Exercise details. Pictures do not belong in the copy; retype the records below exactly.
▶
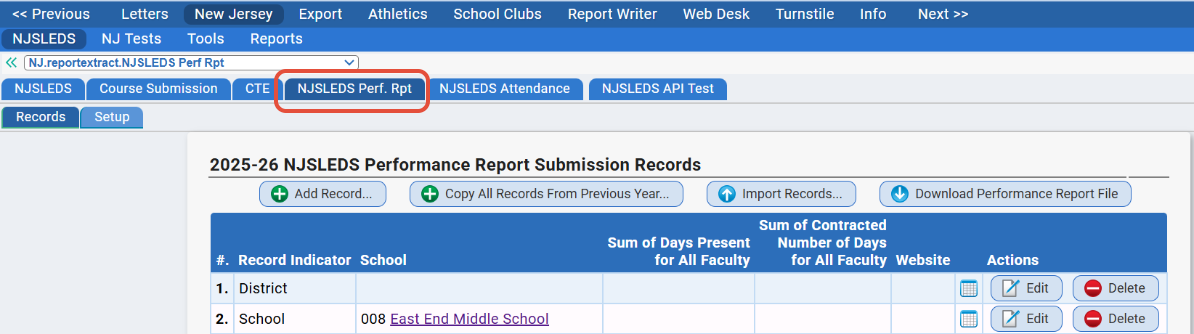 When you first navigate to the NJ>NJSLEDS>NJSleds Perf Report>Records tab, you will likely not have any records in place.
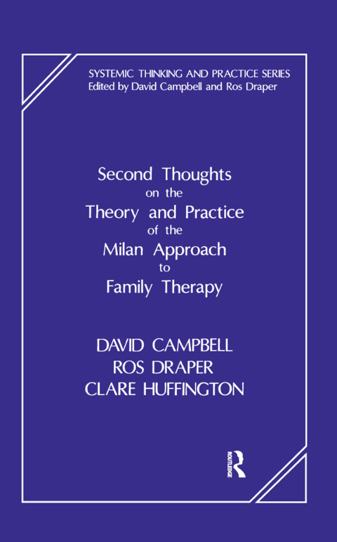 Second Thoughts on the Theory and Practice of the Milan Approach to Family Therapy is a full discussion of the way the original techniques of the Milan Approach have been affected by current thinking in the family therapy field. Hypothesizing, neutrality and circularity, for example, are all redefined in response to the challenge of new clinical problems, such as child abuse, and new thinking from areas such as linguistics and feminine.
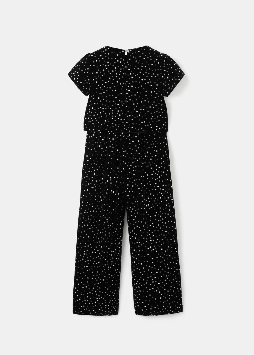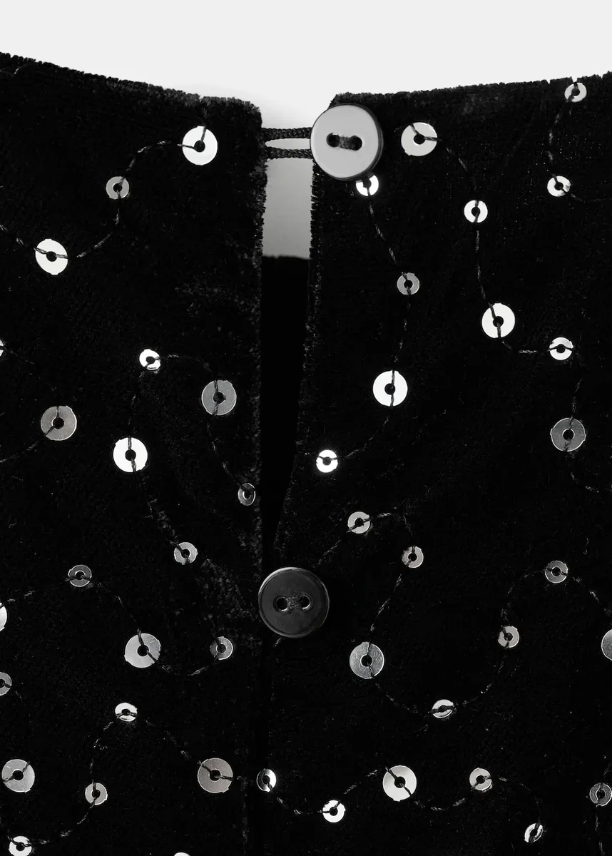 Dlouhý střih. Tkanina s flitry. Kulatý výstřih. Krátké rukávy. Rovný střih. Zapínání na knoflíky. Kolekce pro večírky.
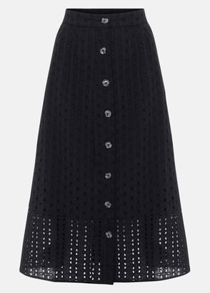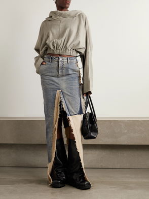 Distressed Cotton-trimmed Denim Maxi Skirt
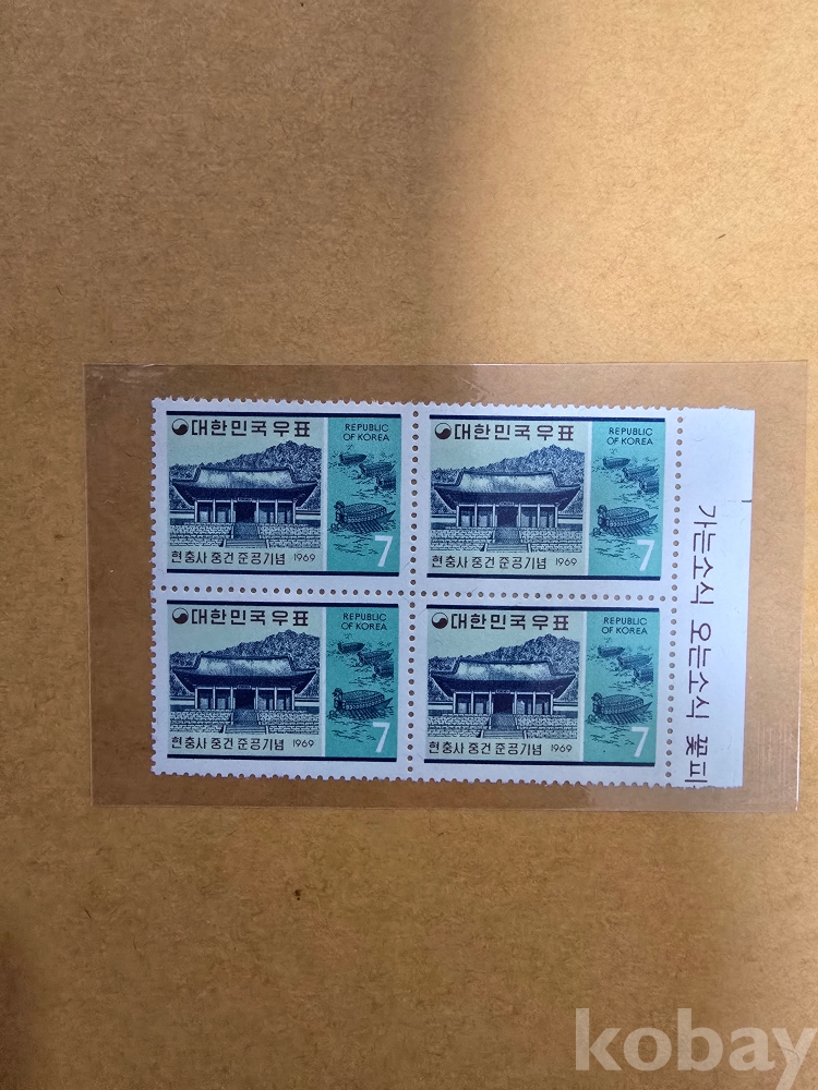 미사용 명판우표 69'4.28현충사 중건준공기념
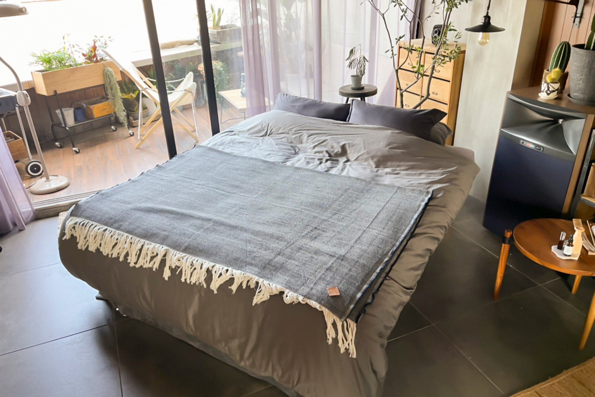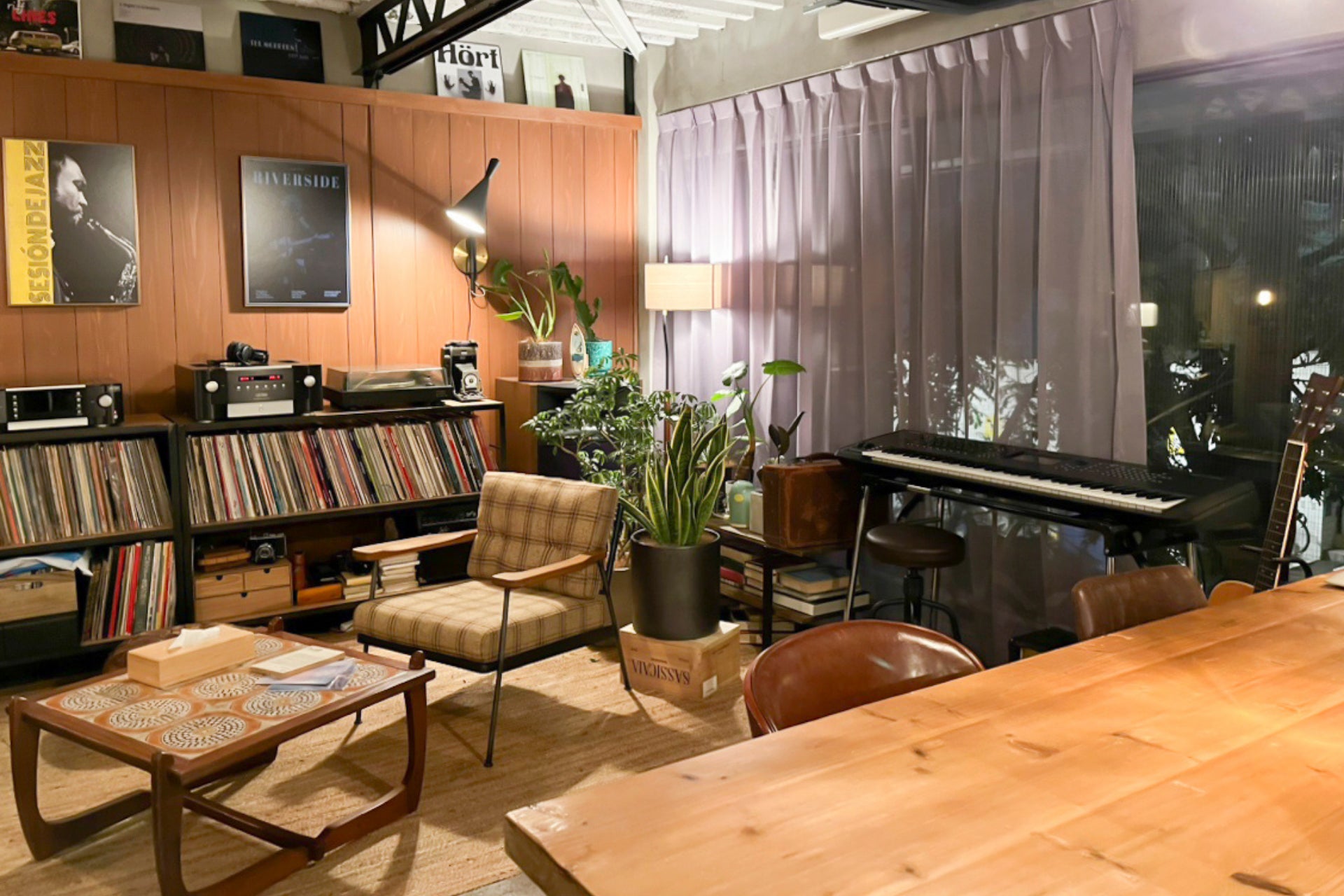 一方、寛の部屋は、音楽とともに過ごす大人の空間。レコードや楽器に囲まれた中で、ベッドエリアのブランケットや柔らかな光を放つフロアランプが、落ち着きと温もりを添えています。
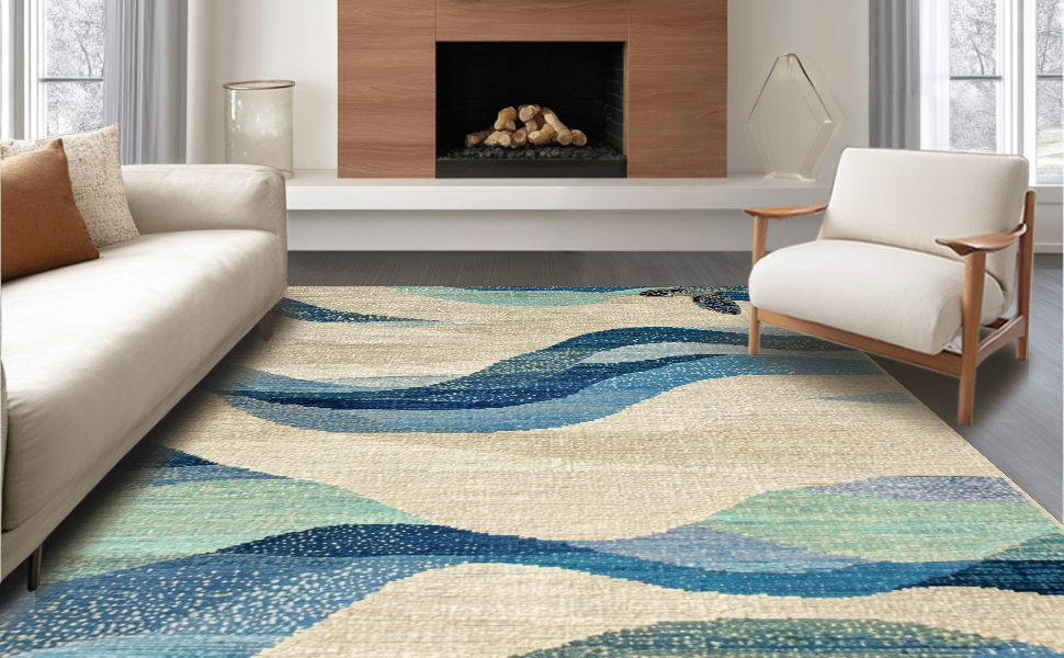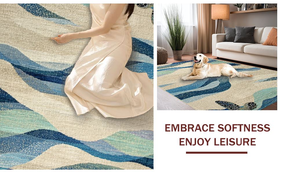 Ultra Soft Area Rug, Non Slip, Stain Resistant, Washable Area Rugs for Living Room, Bedroom, Marine Life Treasure Digital Print Rug With Nautical Charm And Seashell(Beige) Overview:
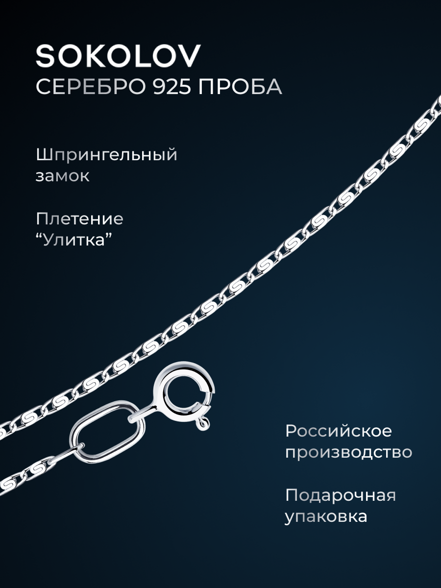 Цепь SOKOLOV из серебра, плетение Улитка, 925 проба 968110302, размер 55 см
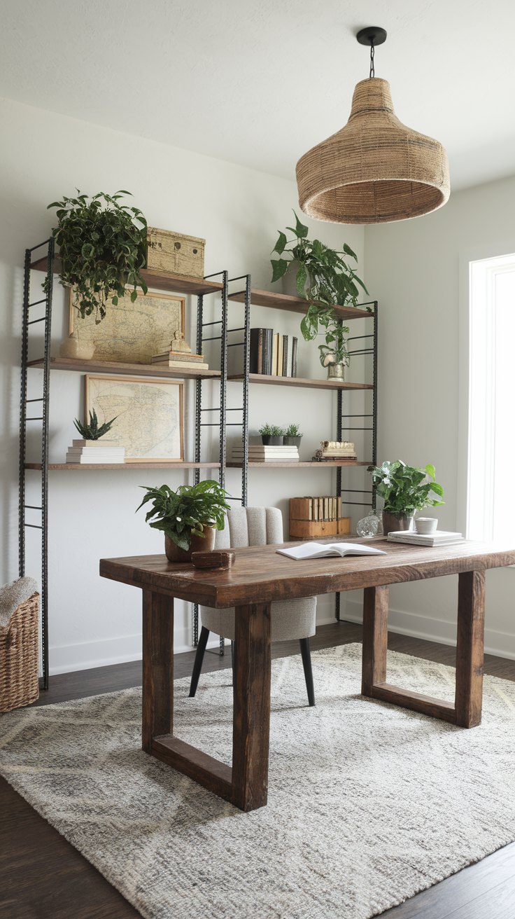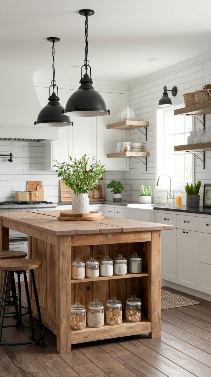 Open shelving for décor + storage – Mix books, plants, and rustic accents.
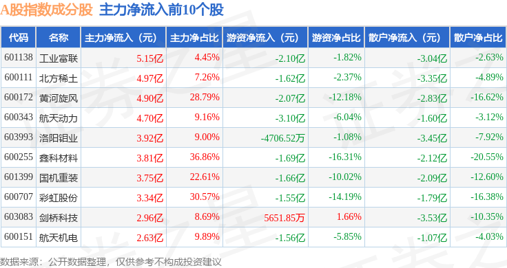 资金流向方面,A股指数(000002)成份股当日主力资金净流出合计243.73亿元,游资资金净流入合计47.66亿元,散户资金净流入合计196.07亿元。成份股资金流向详情见下表:
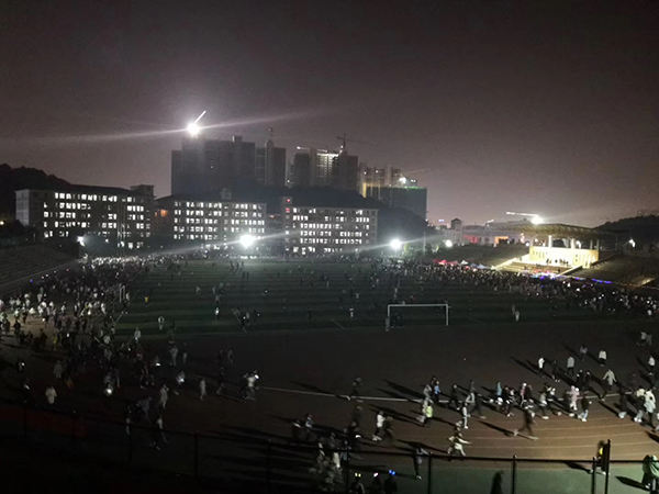 本网讯(记者 胡浪 谢娜)12月2日19时,由体育部主办,校团学生会体育部、社团联合会承办的“荧光夜跑,耀动未来”主题夜跑活动在田径场拉开序幕。活动吸引了18级、19级五千余人参加。
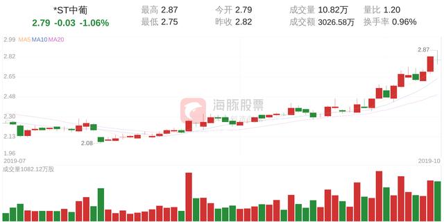 *ST中葡今日下跌1.06%,股价为2.79元,成交金额为3026.58万元,成交10万手,换手率为0.96%。
◀
Response below.
 When you first navigate to the NJ>NJSLEDS>NJSleds Perf Report>Records tab, you will likely not have any records in place.
 Second Thoughts on the Theory and Practice of the Milan Approach to Family Therapy is a full discussion of the way the original techniques of the Milan Approach have been affected by current thinking in the family therapy field. Hypothesizing, neutrality and circularity, for example, are all redefined in response to the challenge of new clinical problems, such as child abuse, and new thinking from areas such as linguistics and feminine.
 Dlouhý střih. Tkanina s flitry. Kulatý výstřih. Krátké rukávy. Rovný střih. Zapínání na knoflíky. Kolekce pro večírky.
 Distressed Cotton-trimmed Denim Maxi Skirt
 미사용 명판우표 69'4.28현충사 중건준공기념
 一方、寛の部屋は、音楽とともに過ごす大人の空間。レコードや楽器に囲まれた中で、ベッドエリアのブランケットや柔らかな光を放つフロアランプが、落ち着きと温もりを添えています。
 Ultra Soft Area Rug, Non Slip, Stain Resistant, Washable Area Rugs for Living Room, Bedroom, Marine Life Treasure Digital Print Rug With Nautical Charm And Seashell(Beige) Overview:
 Цепь SOKOLOV из серебра, плетение Улитка, 925 проба 968110302, размер 55 см
 Open shelving for décor + storage – Mix books, plants, and rustic accents.
 资金流向方面,A股指数(000002)成份股当日主力资金净流出合计243.73亿元,游资资金净流入合计47.66亿元,散户资金净流入合计196.07亿元。成份股资金流向详情见下表:
 本网讯(记者 胡浪 谢娜)12月2日19时,由体育部主办,校团学生会体育部、社团联合会承办的“荧光夜跑,耀动未来”主题夜跑活动在田径场拉开序幕。活动吸引了18级、19级五千余人参加。
 *ST中葡今日下跌1.06%,股价为2.79元,成交金额为3026.58万元,成交10万手,换手率为0.96%。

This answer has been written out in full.